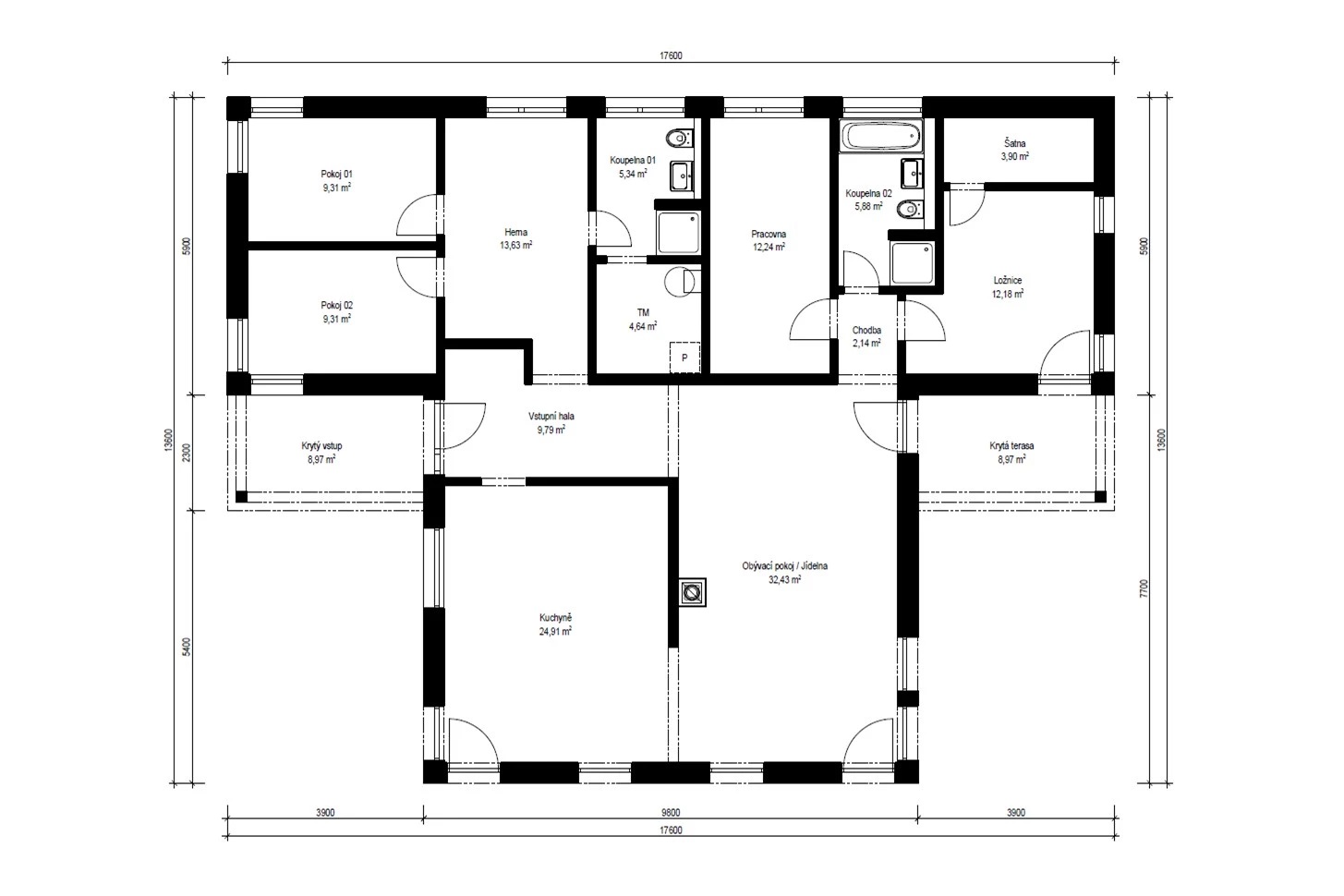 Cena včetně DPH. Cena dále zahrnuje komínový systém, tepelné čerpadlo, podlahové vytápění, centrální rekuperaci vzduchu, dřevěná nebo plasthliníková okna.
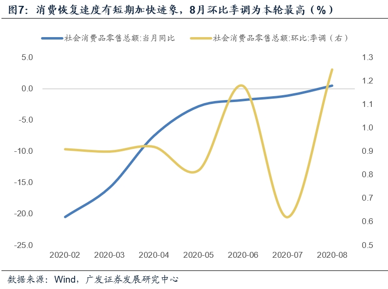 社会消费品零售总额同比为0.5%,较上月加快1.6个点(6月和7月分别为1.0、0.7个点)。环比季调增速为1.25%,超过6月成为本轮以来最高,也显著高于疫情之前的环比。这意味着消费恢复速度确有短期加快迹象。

= = = =

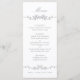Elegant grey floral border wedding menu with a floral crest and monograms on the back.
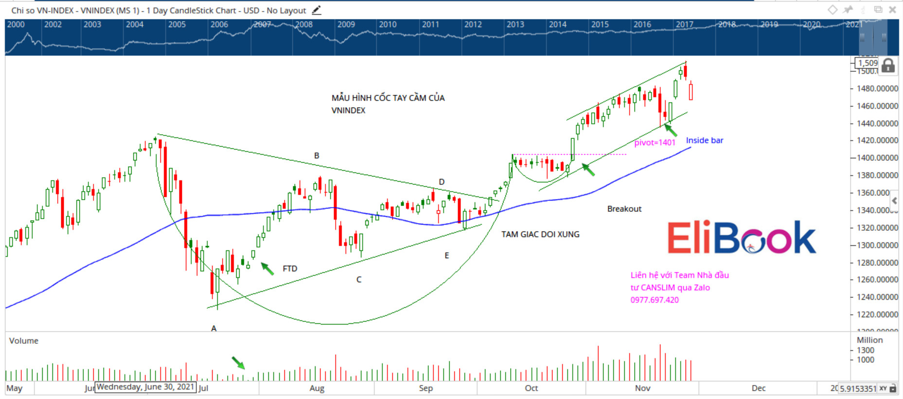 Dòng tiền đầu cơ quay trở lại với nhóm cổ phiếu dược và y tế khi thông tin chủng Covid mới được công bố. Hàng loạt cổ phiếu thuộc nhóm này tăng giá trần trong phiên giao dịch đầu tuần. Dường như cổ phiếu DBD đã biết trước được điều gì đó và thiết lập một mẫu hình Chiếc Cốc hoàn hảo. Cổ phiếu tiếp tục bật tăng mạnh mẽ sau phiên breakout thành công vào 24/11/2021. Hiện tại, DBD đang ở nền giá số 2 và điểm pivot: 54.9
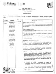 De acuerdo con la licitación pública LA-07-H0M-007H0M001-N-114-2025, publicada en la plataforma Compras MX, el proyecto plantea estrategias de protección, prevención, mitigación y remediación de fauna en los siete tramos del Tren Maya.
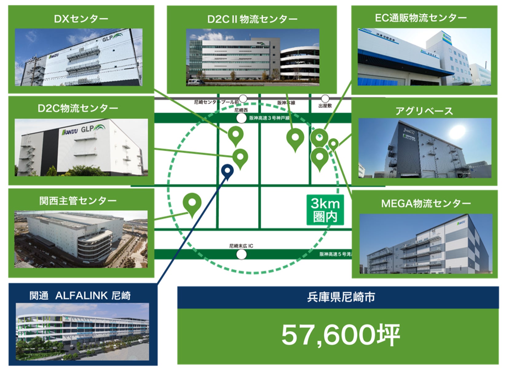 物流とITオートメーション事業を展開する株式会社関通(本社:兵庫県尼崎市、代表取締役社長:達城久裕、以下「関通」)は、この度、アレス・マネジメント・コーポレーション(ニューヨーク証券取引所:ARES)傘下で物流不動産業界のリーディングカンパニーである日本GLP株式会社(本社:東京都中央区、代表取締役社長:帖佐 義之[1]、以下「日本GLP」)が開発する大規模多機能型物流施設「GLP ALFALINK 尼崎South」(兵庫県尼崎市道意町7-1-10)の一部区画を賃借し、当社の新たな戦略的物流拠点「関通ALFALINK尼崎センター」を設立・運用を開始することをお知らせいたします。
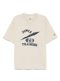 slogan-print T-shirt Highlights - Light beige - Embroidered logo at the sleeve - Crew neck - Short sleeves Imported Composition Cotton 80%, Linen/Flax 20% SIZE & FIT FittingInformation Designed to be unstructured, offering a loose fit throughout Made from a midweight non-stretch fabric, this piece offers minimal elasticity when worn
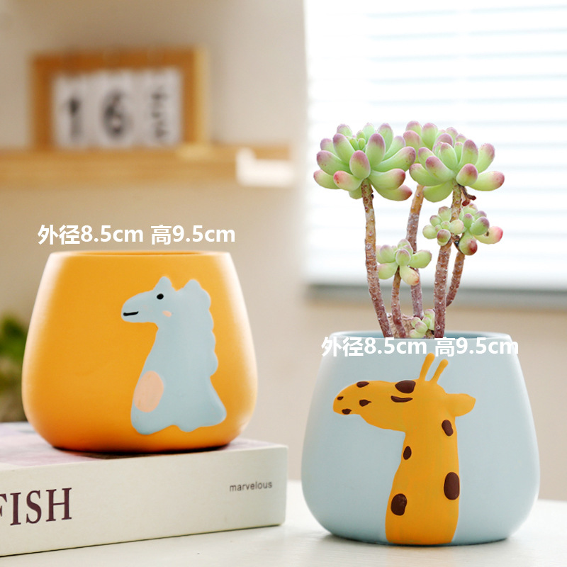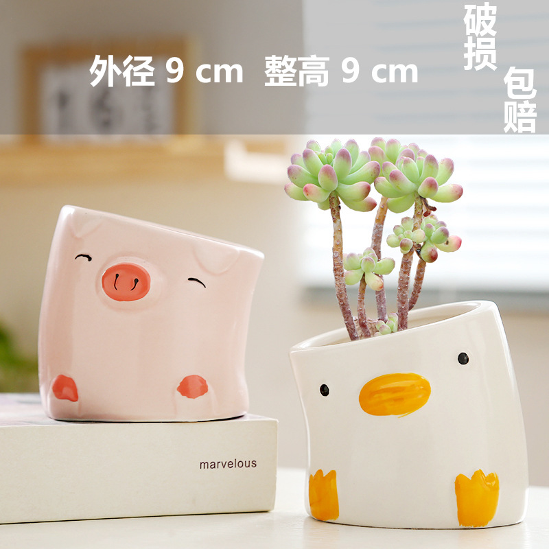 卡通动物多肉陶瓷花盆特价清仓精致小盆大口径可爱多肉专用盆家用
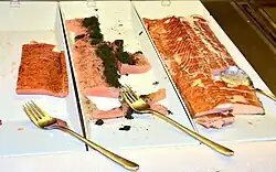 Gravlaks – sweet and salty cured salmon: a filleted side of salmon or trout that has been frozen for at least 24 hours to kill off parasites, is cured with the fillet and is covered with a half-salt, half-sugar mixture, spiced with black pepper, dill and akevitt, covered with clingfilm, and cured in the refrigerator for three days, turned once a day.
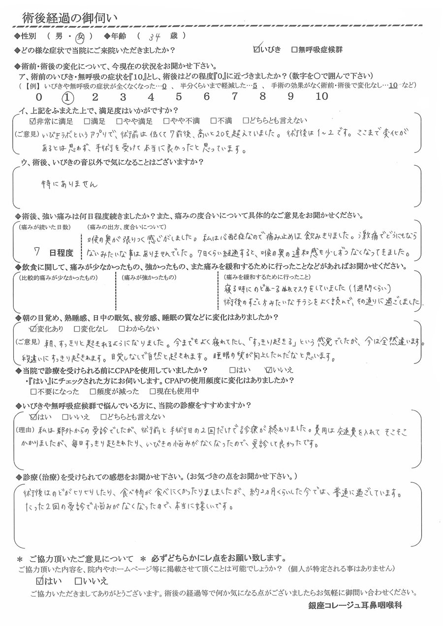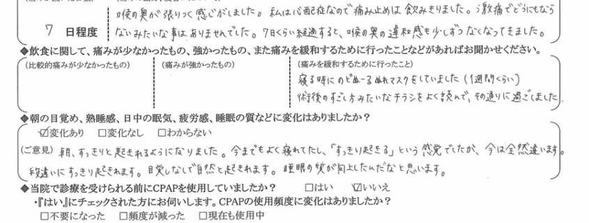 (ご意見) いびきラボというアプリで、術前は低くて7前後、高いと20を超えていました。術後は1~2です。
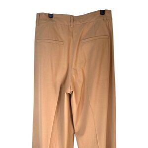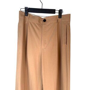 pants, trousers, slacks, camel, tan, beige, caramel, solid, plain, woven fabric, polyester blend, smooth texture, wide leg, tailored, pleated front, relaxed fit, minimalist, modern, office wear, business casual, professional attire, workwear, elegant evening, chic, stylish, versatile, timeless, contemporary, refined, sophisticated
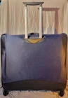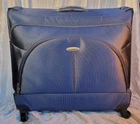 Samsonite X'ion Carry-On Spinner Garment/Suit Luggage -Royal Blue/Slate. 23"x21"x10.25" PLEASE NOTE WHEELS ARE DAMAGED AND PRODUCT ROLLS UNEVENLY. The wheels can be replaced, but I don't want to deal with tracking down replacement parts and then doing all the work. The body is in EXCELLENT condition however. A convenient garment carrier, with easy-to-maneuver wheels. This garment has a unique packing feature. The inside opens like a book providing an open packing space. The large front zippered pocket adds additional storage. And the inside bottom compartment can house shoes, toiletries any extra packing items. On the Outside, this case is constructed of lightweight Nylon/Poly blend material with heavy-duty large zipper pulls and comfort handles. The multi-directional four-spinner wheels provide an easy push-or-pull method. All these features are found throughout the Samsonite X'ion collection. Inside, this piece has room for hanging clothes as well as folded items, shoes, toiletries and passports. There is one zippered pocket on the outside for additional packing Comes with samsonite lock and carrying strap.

= = = =

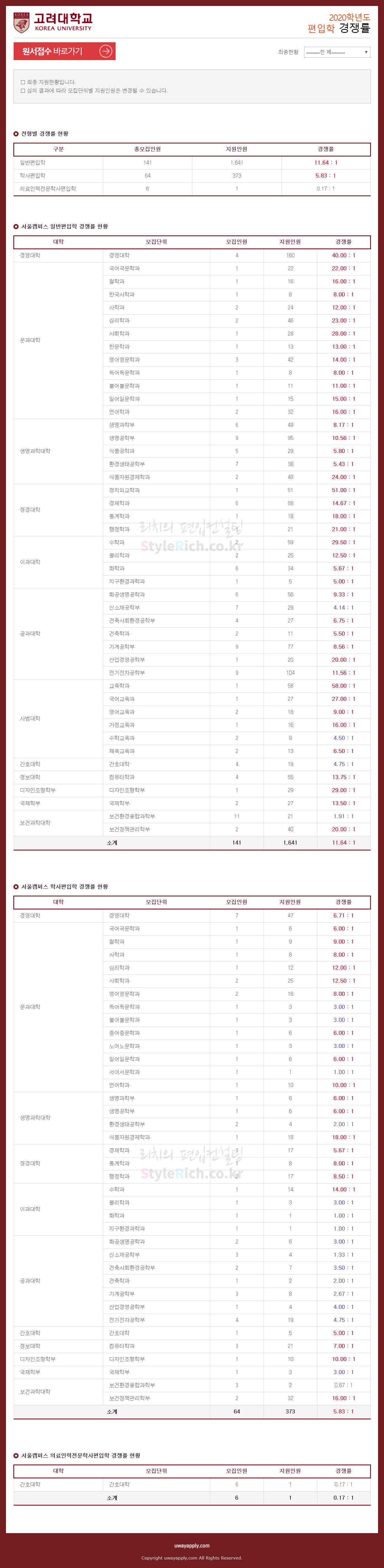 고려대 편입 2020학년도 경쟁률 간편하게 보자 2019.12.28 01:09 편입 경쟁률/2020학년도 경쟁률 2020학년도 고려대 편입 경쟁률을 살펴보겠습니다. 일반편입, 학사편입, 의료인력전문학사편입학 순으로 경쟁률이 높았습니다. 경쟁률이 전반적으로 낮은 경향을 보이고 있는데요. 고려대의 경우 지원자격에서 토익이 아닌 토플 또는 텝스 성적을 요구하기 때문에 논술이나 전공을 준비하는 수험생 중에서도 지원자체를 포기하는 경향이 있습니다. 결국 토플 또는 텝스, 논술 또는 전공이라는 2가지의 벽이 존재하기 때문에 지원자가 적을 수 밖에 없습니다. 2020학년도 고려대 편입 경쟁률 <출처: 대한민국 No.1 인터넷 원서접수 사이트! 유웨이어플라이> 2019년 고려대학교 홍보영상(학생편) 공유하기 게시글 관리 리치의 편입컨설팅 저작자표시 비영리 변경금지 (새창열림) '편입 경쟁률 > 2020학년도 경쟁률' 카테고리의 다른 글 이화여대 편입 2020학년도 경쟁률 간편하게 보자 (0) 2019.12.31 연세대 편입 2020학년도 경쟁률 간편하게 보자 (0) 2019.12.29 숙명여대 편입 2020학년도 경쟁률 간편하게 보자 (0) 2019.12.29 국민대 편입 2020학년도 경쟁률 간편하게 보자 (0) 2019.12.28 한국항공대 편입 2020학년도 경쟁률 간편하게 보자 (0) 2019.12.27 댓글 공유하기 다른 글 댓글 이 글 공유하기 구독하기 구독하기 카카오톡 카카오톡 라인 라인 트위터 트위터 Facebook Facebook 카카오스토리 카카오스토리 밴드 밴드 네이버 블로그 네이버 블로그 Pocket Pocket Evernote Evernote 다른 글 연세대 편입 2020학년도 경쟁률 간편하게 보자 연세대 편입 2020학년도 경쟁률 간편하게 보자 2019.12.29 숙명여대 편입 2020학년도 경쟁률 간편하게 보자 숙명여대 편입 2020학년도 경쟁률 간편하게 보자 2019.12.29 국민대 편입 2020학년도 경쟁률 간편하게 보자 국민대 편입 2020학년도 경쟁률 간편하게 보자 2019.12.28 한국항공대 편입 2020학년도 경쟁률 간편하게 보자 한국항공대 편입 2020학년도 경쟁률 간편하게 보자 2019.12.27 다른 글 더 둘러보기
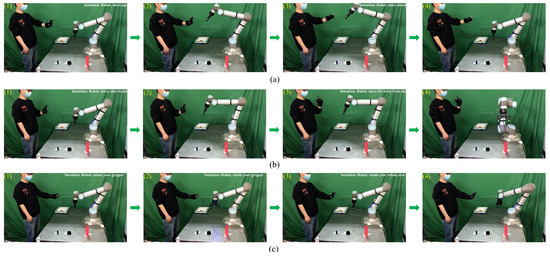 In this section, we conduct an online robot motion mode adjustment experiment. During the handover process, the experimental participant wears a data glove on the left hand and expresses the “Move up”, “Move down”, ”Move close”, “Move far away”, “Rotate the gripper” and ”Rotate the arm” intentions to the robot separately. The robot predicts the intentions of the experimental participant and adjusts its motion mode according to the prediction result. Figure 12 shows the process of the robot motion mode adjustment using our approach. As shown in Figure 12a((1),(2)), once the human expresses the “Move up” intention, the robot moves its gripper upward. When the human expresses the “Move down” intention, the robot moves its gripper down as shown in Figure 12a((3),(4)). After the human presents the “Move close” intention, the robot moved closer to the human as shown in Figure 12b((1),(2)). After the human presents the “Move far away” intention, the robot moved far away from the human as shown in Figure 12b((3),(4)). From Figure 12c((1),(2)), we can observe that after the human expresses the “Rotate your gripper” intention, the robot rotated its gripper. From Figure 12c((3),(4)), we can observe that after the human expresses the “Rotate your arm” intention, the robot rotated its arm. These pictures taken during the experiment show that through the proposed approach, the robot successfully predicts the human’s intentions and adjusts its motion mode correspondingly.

= = = =

▶ [Task goal] Now transcribe the lines above exactly, starting at the line containing "Cena včetně DPH." and ending at the line containing "社会消费品零售总额同比为0.", both lines included, pictures excluded.

▶ [Response to the exercise]
 Cena včetně DPH. Cena dále zahrnuje komínový systém, tepelné čerpadlo, podlahové vytápění, centrální rekuperaci vzduchu, dřevěná nebo plasthliníková okna.
 社会消费品零售总额同比为0.5%,较上月加快1.6个点(6月和7月分别为1.0、0.7个点)。环比季调增速为1.25%,超过6月成为本轮以来最高,也显著高于疫情之前的环比。这意味着消费恢复速度确有短期加快迹象。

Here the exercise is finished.